He looked away, but I could still see the blush on his face. What was the point in even trying to hide it?

"I don't know, a few months?" He muttered.

Cute, he was embarrassed.

"Why'd you never bring it up?"

"What sort of question is that? Why the Hell would I ever bring it up? You were my enemy, we fought, we screamed, we argued-"

"You still fell in love." I interrupted, trying to get a better look at his face.

"So did you."

Well, he was right with that. I felt a slight smile make its way onto my face as I linked our arms together, surprised by his lack of resistance to such a thing. I figured he'd have pulled away, told me off, screamed.. but no, he seemed content to stay with me as we continued walking down the hall to his room; one of the very few cases I felt kind of glad for them to be this long.

"Do you want to date me?" I asked, feeling his body tense at my question.

"That.. you.."

"I'm not asking you on a date, I'm asking if you want to date me." I clarified.

I didn't want to ask him out right now, not in the state I was in.

"I don't know."

Internally, I could feel his whirlwind of emotions getting worse with each word that came from my mouth. It was.. funny, really. A guy who could kill billions in seconds, who was known for being aggressive to anyone who even dared to get near him.. and now here he was refusing to hold eye contact with me or even look my way out of his embarrassment, his fear, his love.

We ended up at his room quicker than I'd have liked, and I unlinked our arms as he opened the door and stepped inside.

"Oh, you did give me my vials." I teased, pointing towards the sash that hung over some sort of coat hanger.

I hadn't even needed to take a single step inside, it was right there.

"WHAT?! That wasn't there before!" He screeched, catching me off guard.

I sighed in amusement. He'd always been unpredictable, it was something I liked about him.

Leaning against the doorframe, I saw him turn back towards me with his entire body glitching; probably out of both embarrassment and anger over everything that'd happened. I had to stifle my laugh at his reaction, but struggled as it escaped me anyway.

"You-!"

"I-I'm sorry-" I struggled to get out, "it's just.. you were so confident!"

"I was not!" He yelled, his face somehow lighting up in more of a blush than before as his voice began to glitch out.

"You were! Man, it must've been soooo upsetting to find out you were wrong, huh?"

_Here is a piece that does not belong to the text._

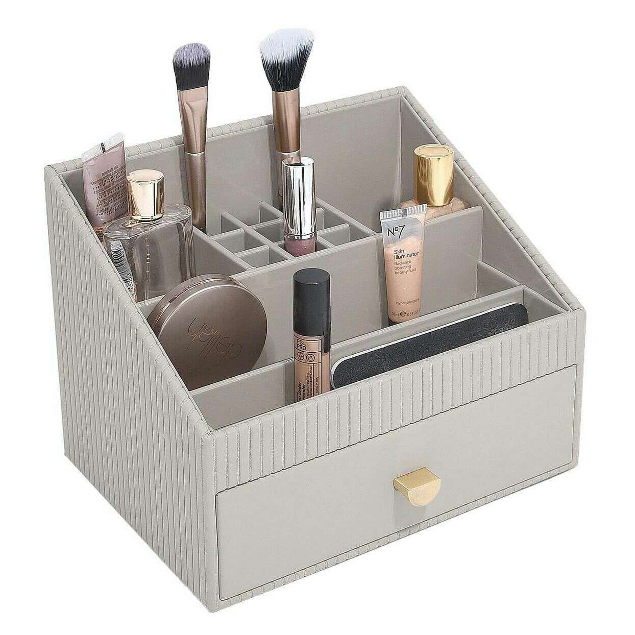 Ten klasyczny organizer do makijażu dla kobiet, dostarczony przez markę Stackers, w kolorze wapiennoszarym, wykonany jest ze sztucznej skóry i PCV. Wymiary: 19 cm (wysokość) x 25 cm (szerokość) x 18 cm (głębokość). Wszystkie organizery do makijażu są dostarczane w komplecie z opakowaniami typu stacker. Klasyczny organizer do makijażu Stackers - Limestone Grey ma wiele przegródek na produkty do makijażu i pielęgnacji skóry. Ten piękny, prążkowany, szary organizer do makijażu ma miejsce na większe produkty, idealne do utrzymywania porządku i oszczędzania miejsca!

He stormed over to me, but didn't do much of anything. I couldn't really see too much of him through the tears in my eyes over the stupidity of what we'd gotten into, but I felt him grab my wrist and yank me towards him.

And then I felt something on my face, I felt.. him. I didn't know how else to explain it, I couldn't even really process it.

It felt like it lasted hours, but almost immediately after he pulled away I became aware of how short-lived it actually was. Had he seriously-

"Ow!"

I fell back against the doorframe in a daze as he dropped my wrist and stormed back towards Nightmare's office, his fists clenched and his entire body glitching out of control.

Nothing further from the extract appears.